Tuesday, September 6, 2016

NOT THE BED-STY I KNEW


I recently came across a new possible saint of the USA and one from an area dear to my own heart.  When I was studying for my PhD, I ventured into Brooklyn every Sunday eve to study with a woman who at the time was a renowned authority on children with autism. Her school was in the heart of Bed- Sty and a very dangerous place to travel into. One did not walk alone, and at times I had to take children on a public bus in and and out of the area. Near the school were vacant lots and burnt out buildings. Strangely, I never felt unsafe. (I read the area is now vastly improved with restoration projects.)  
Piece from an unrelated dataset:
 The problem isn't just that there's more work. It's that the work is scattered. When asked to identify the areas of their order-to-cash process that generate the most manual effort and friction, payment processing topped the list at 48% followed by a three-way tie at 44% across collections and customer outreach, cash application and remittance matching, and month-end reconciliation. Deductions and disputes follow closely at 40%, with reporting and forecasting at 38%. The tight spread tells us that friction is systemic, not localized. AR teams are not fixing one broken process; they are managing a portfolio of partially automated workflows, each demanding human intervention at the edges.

SERVANT of GOD FATHER BERNARD QUINN, the former pastor of St. Peter Claver parish in Bedford-Stuyvesant and founder of Little Flower Children’s Services in Brooklyn and Wading River, died in 1940 after a lifetime of ministry to the African-American community in the Diocese of Brooklyn.
St Peter Claver

Father Bernard, who was born in New Jersey on January 15, 1888, died at the age of 52, founding his congregation in 1922 after he was granted permission by his bishop to establish a Church for black Catholics in Brooklyn.

As a young priest, Father Bernard was drawn to serve black Catholics. When he approached Bishop Charles McDonnell about starting a parish for blacks in Bedford-Stuyvesant, he was told that recruiting chaplains to serve US soldiers in World War I was a priority for the diocese.
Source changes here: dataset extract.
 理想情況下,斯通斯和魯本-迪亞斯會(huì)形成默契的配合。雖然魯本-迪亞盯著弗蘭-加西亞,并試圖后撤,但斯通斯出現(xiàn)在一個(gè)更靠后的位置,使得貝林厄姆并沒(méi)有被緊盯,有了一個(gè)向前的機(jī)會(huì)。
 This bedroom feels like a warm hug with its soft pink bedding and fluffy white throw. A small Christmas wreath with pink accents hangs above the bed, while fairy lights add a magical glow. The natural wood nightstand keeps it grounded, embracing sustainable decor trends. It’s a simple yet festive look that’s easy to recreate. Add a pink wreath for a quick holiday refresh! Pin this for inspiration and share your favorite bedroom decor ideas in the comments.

He volunteered and served in France, where he nurtured a devotion to St Thérèse of Lisieux. He visited the house where she was raised and became the first priest to celebrate Mass there at a time when it was a little-known shrine.



Father Bernard returned from the war in ill health after being gassed with poison. He suffered poor health for the rest of his life.

Upon his arrival back in the diocese, he received permission from Bishop McDonnell to start a new parish for black people in Brooklyn. He worked with the “Colored Catholic Club” and established the parish of St. Peter Claver in what had been a Protestant church that later was turned into a warehouse depot.

He later began a novena in honor of the Little Flower at St Peter Claver. It brought together hundreds of white and black Catholics, in what was said to be "the only place in the United States where whites joined their black brethren week after week in prayer, even though it was a time when blacks and whites were separate."

At that time, blacks were not welcomed in Catholic churches in Brooklyn and had to journey to a Catholic church set aside for blacks in Manhattan. Father Quinn, the son of Irish immigrants, devoted much of his life to the betterment of blacks not only at St Peter Claver.


He built a community center a block from the church. One of his major achievements was an orphanage called the Little Flower House of Providence, Long Island. The Klu Klux Klan burnt the building down twice but each time Msgr Quinn ensured it was rebuilt.  The Klan threatened Father Bernard with death but he defied them. He later established in the diocese a second parish for blacks, St Benedict the Moor in Jamaica.
A clipping fromThe New York Times described the scene of the funeral held at St Peter for Msgr. Quinn in 1940 - 8,000 people lined the streets around the church.

In a pastoral letter written by Father Bernard to the people of St Peter Claver, he said, "I love you, I am proud of every one of you, and I would willingly shed to the last drop my life's blood for the least among you."



In later years, Msgr. Quinn referred to himself as "an adopted son of the Negro race."  The cause for sainthood for Father Bernard was introduced at the Vatican in 2010.